Under the Dome – February 23

Under the Dome graphic with Missouri State Capitol Dome in background

Welcome back to Under the Dome, your weekly update on the goings-on of the Missouri state legislature.

Majority rule under threat as resolution stripping voters of rights moves to House

This week, the Missouri Senate moved forward legislation that would end majority rule in Missouri, taking away rights that Missourians have utilized for more than 100 years to keep legislators accountable and advance legislation favored by voters.

Thanks to a strong pushback by key legislators, Sen. Mary Elizabeth Coleman’s SJR74 was stripped of “ballot candy.” The resolution now moves to the House for debate, where extreme politicians are threatening to return “ballot candy,” a blatant admission of resorting to trickery to steamroll their permanent plans to take voters’ rights.

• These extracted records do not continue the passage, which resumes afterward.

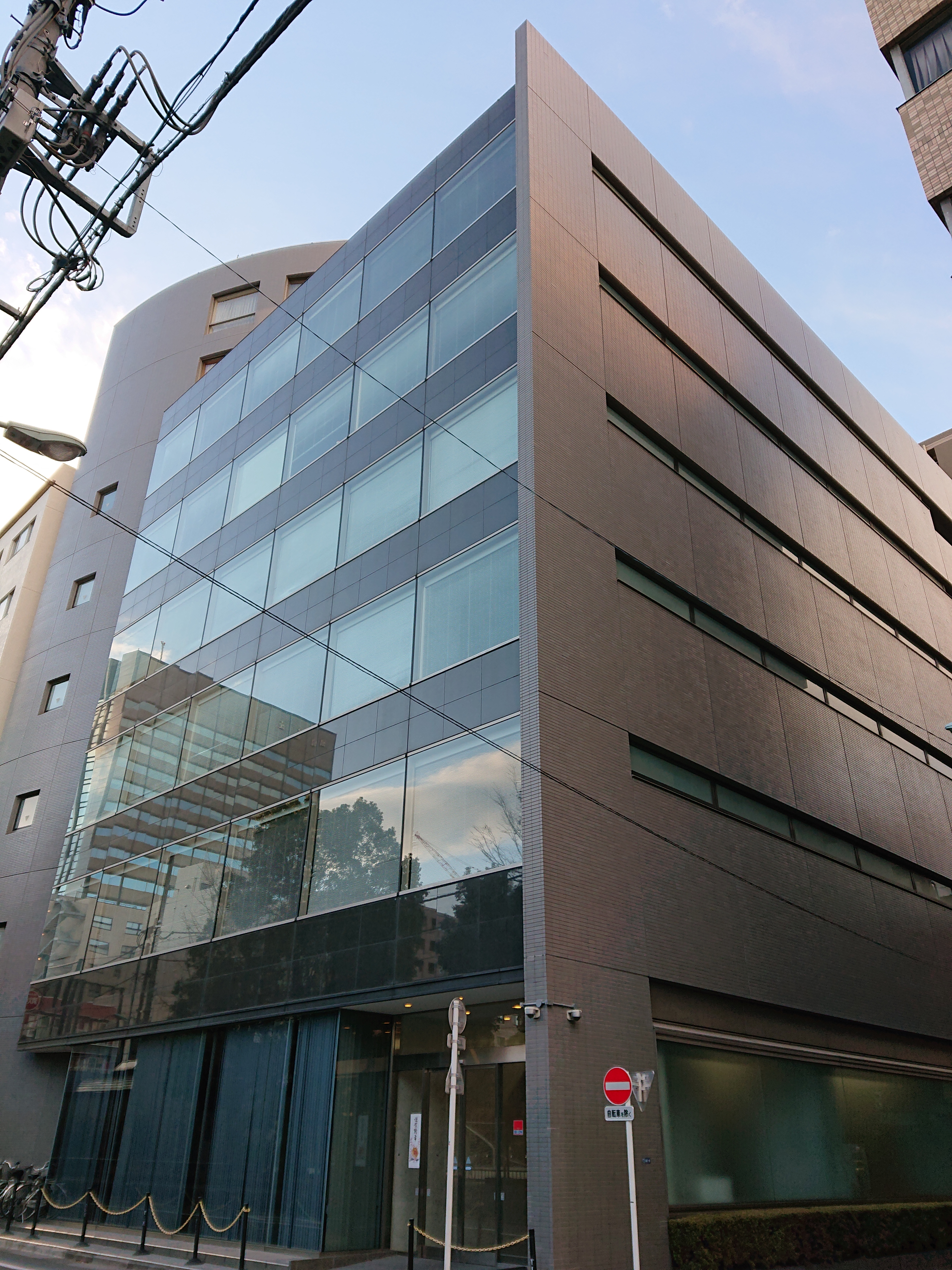 TIE Hamacho Building (TIE浜町ビル), located at 2-61-9 Nihonbashi-Hamacho, Chuo, Tokyo, Japan
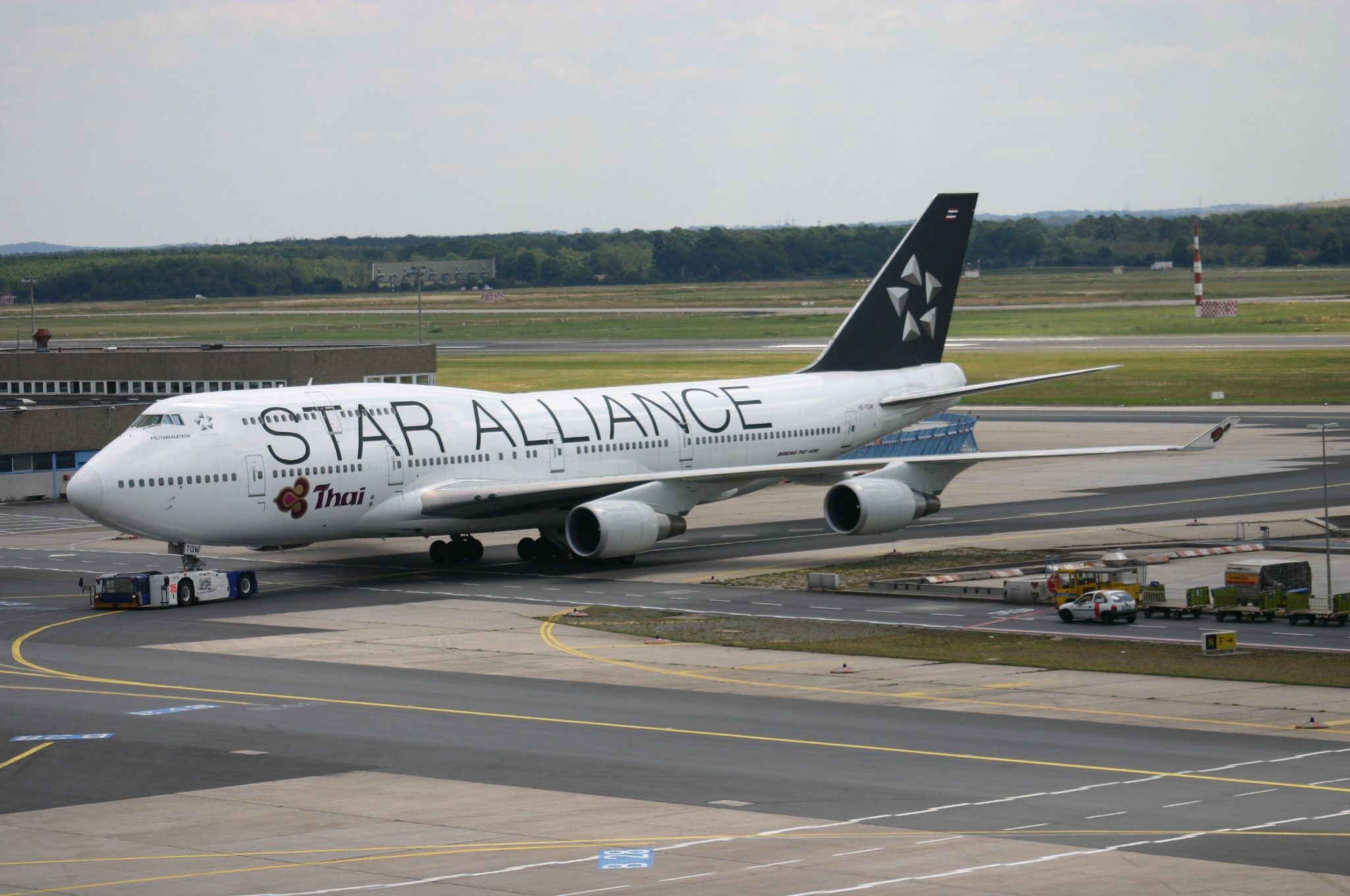 At Frankfurt Main
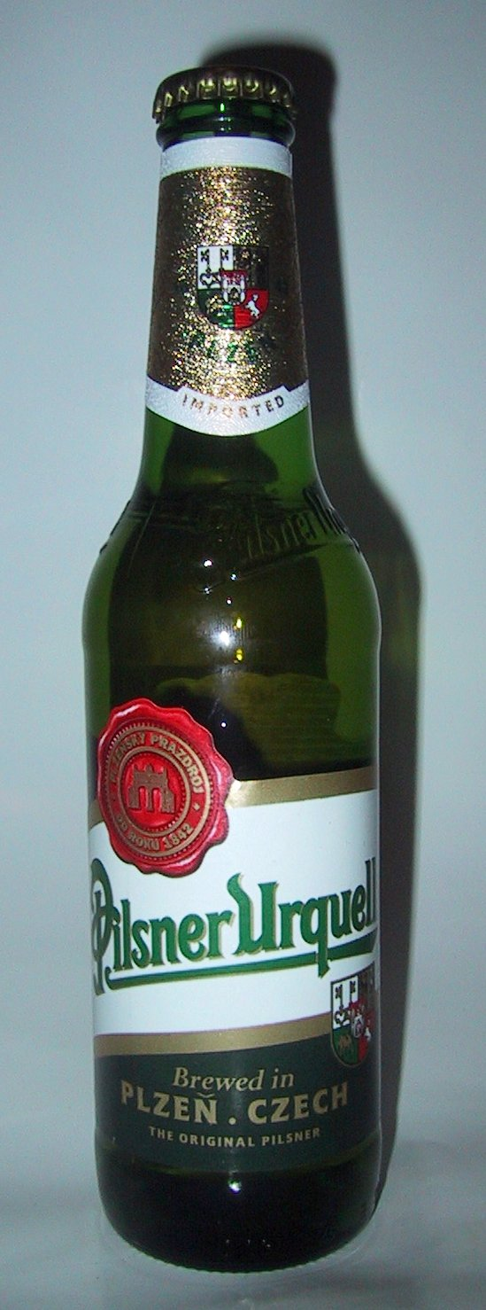 Pilsner Urquell beer (Czech Republic)
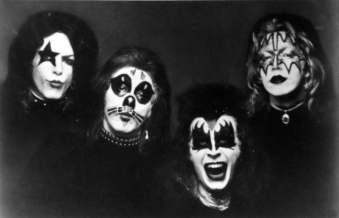 American rock band Kiss.
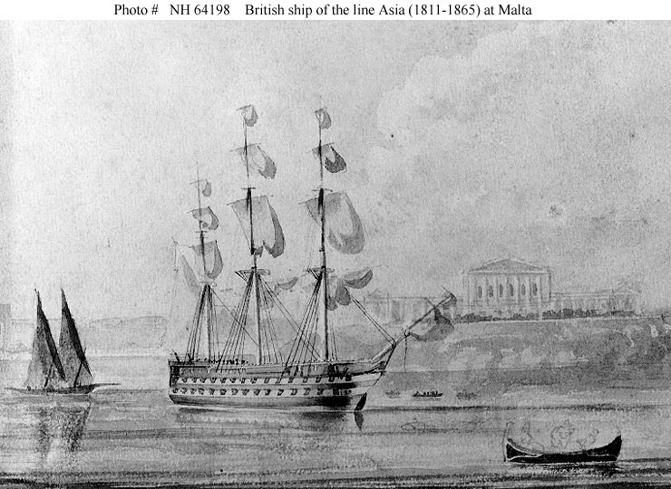 Watercolor by an unidentified artist, depicting the ship at Malta. This ship of the line was later renamed Alfred.
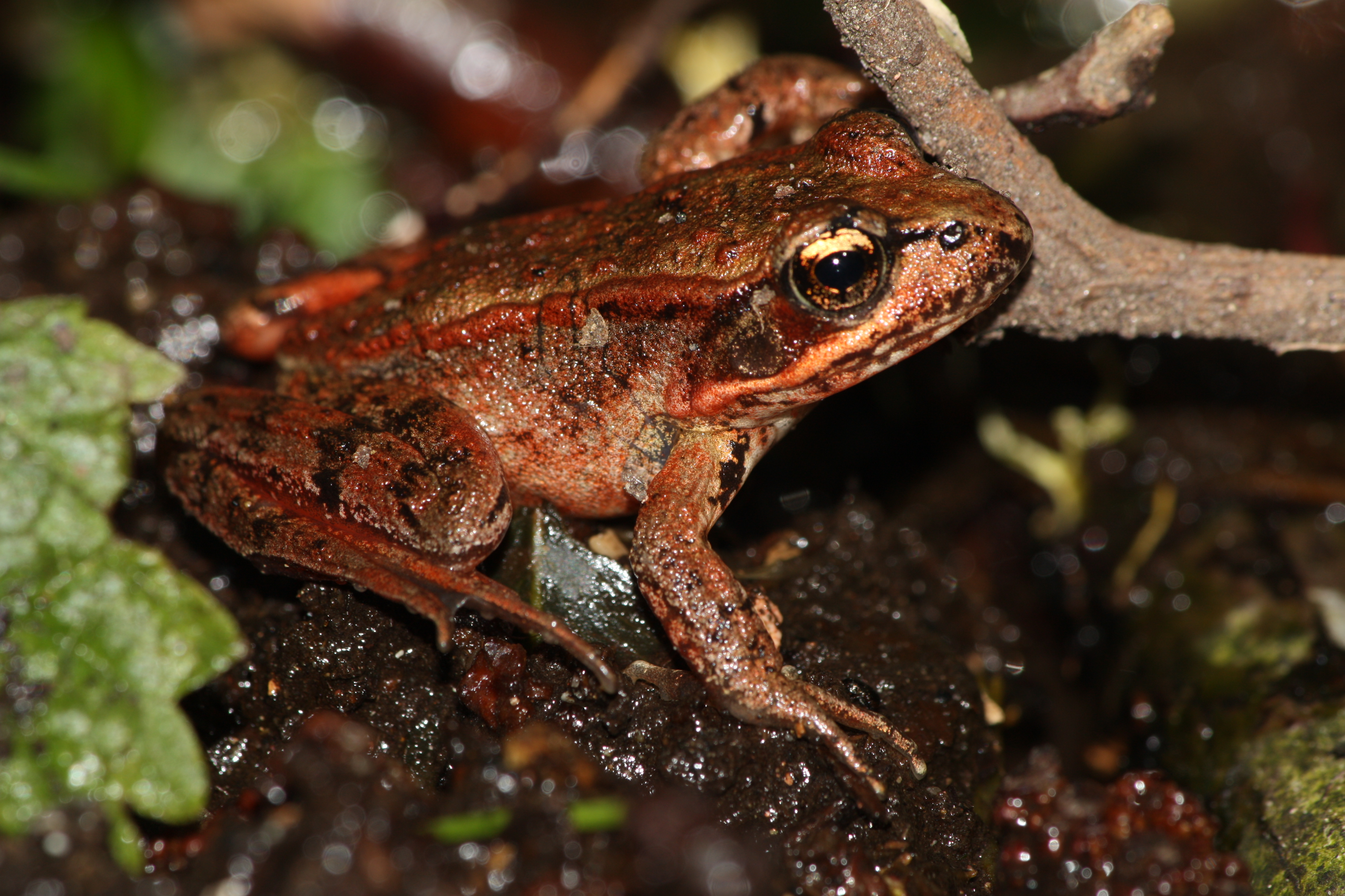 Red-legged Frog, Northern Red-legged Frog (Baird and Girard, 1852; Hayes and Miyamoto, 1984; H.B. Shaffer et al., 2004
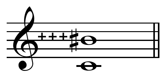 Pythagorean augmented seventh on C = B♯+++. 531441/262144 = 1223.46 cents. Limit: 3-limit.
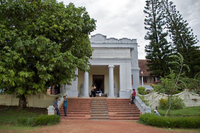 Hill palace at thrippunithara
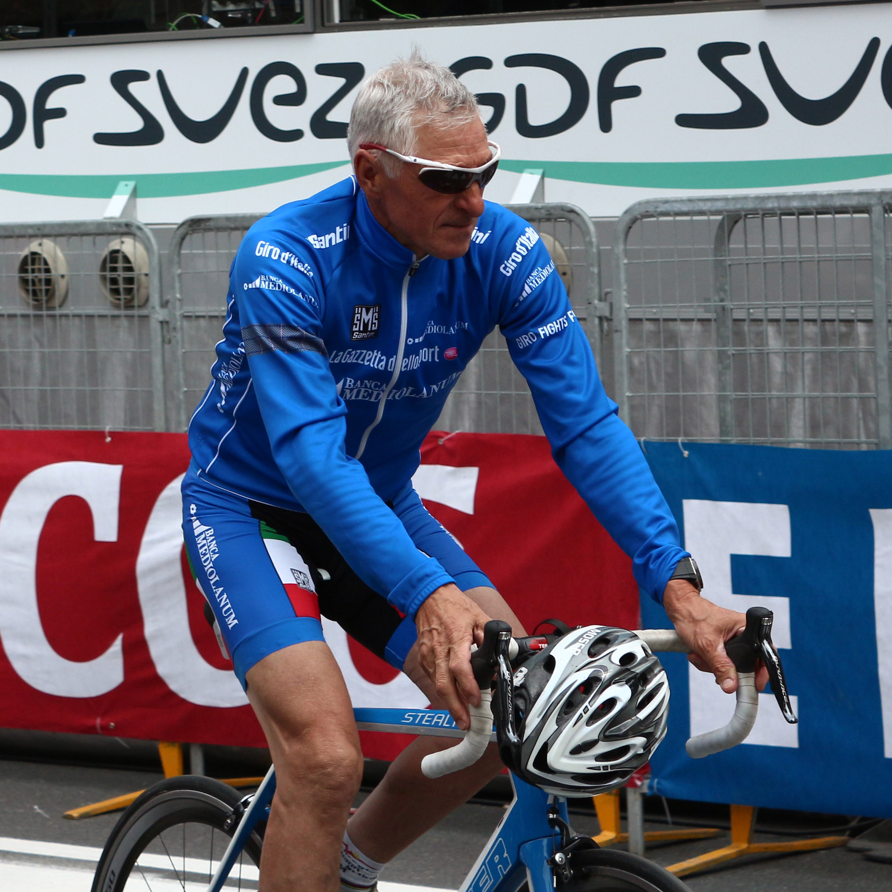 Francesco Moser at Giro d'Italia 2014
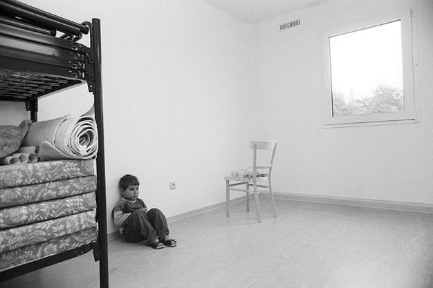 Asylum seeker in Gauting (Bavaria, Germany)
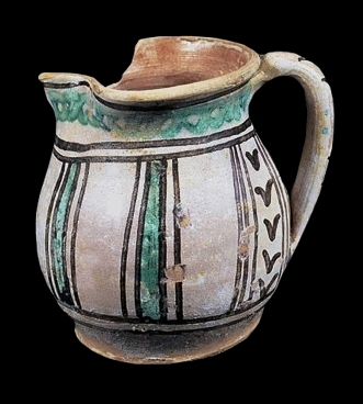 Produzione pisana
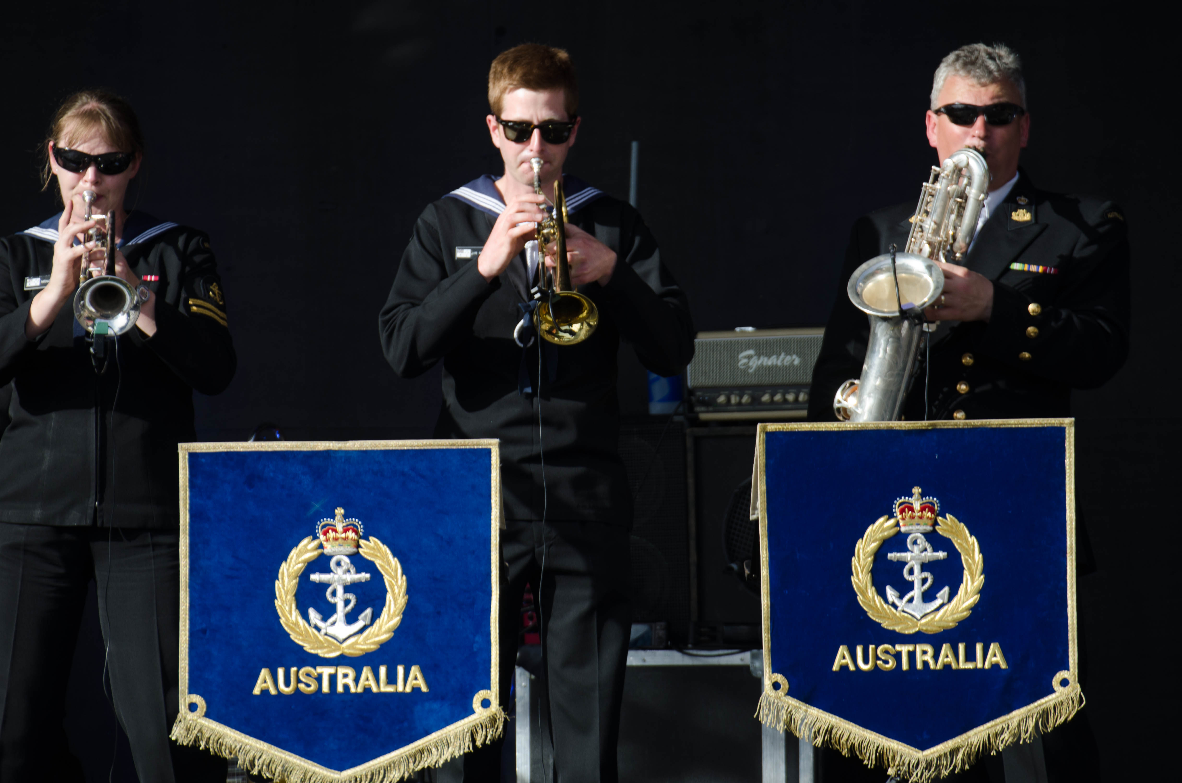 International Fleet Review 2013 Open Day Band
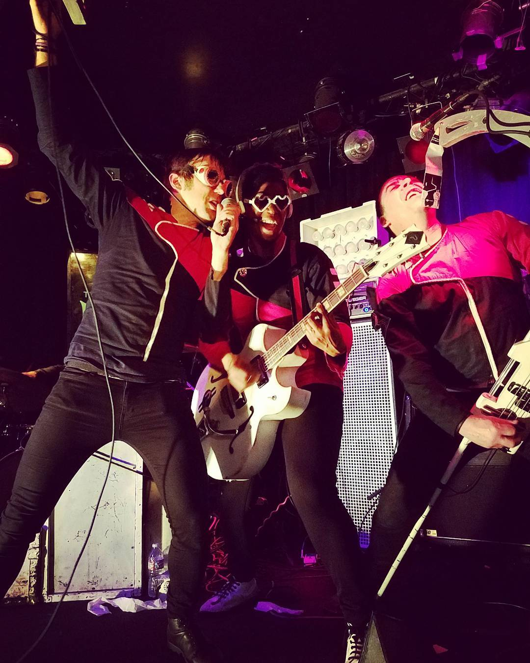 The Phenomenauts - Band members Atom Bomb, Ripley Clipse, and Angel Nova playing at The Viper Room in 2017. Photo by Erica Dominguez.
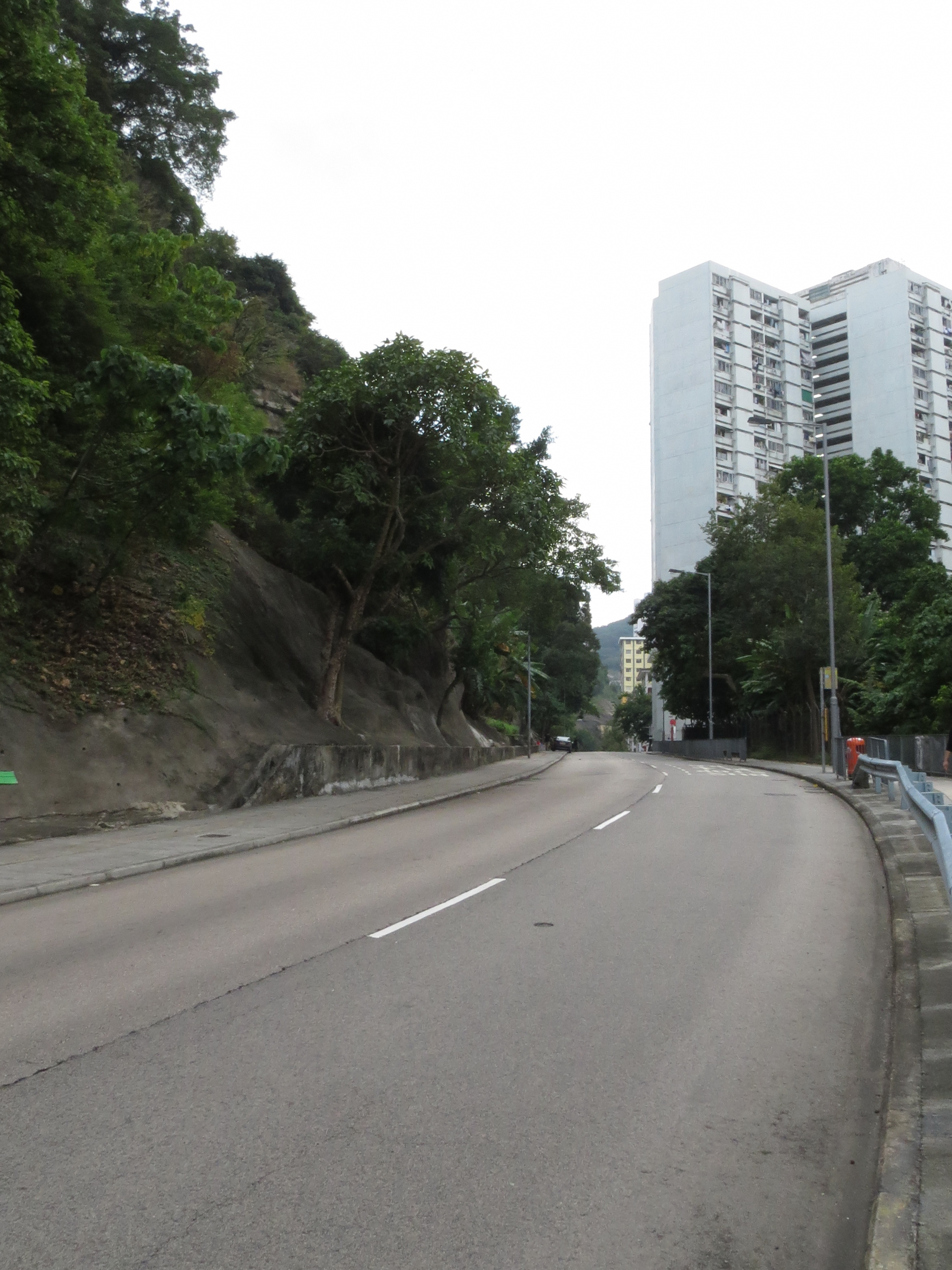 A Kung Ngam Road, Hong Kong. Ming Wah Dai Ha Block A is the building at the right.

Coleman speaking about purposefully including “ballot candy” in SJR74 on the floor of the Missouri Senate, via Missouri Senate Communications video.

The resolution approved in the Senate would require what’s called a concurrent majority, meaning that in addition to passing the entire state, any constitutional ballot issue would also need to be approved by a majority vote in five of the state’s eight congressional districts. According to an analysis from the Missouri Independent, as few as 23% of voters – a majority in the four districts with the lowest number of voters in 2020 and 2022 – could defeat a statewide ballot measure.

The legislature continues to ignore public outcry to their plans to end majority rule, which has been overwhelming and bipartisan.

Progress MO is calling on Missourians from all parts of the state to urgently contact their legislators to demand that they vote no on these efforts to dismantle majority rule and seize their rights in Missouri.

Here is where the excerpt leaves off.